Curiosidad escribió:Uis tio! por cierto ¿Aqui es donde tengo que hablar de ssl, de protocolos de encriptacion para establecer el tunel, RSA, D-H, AES, ademas de los ataques por ejemplo man in the middle etc etc?
Hummm, aqui es donde viene la manida frase "are you from the past?". Parece ser que o bien andas un poco desfasado, o lo pretendes.
Curiosidad escribió:oisss lo llevas claro si pretendes que te enseñe.

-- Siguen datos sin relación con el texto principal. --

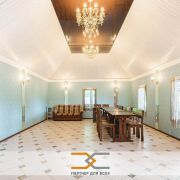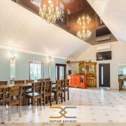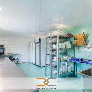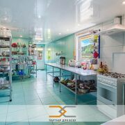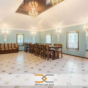- На первом этаже находится банкетный зал – 54,1кв.м., угловая летняя терраса застекленная двухкамерными стеклопакетами, площадью – 57,3 кв.м., кухня площадью – 25,4кв.м. с кухонным оборудованием (холодильники, газовая плита, столы кухонные, стеллажи) и 2 санузла. Есть возможность обогрева террасы тепло-пушкой для круглогодичного использования.

Tu eres el que ha entrado a saco diciendo que yo estoy completamente equivocado asi que si quieres demostrar que estoy equivocado por lo menos molestate en adjuntar una explicacion de por que estoy equivocado, no te limites a soltar datos vagos e imprecisos, en fin. EDITADO POR EL MODERADOR
Creo que la falta de humildad te nubla notablemente el raciocinio. No pretendo que me enseñes, basicamente porque A), no te conozco y B) no se desprende de tus posts ninguna sabiduria universal que el resto de los mortales ansiamos desear.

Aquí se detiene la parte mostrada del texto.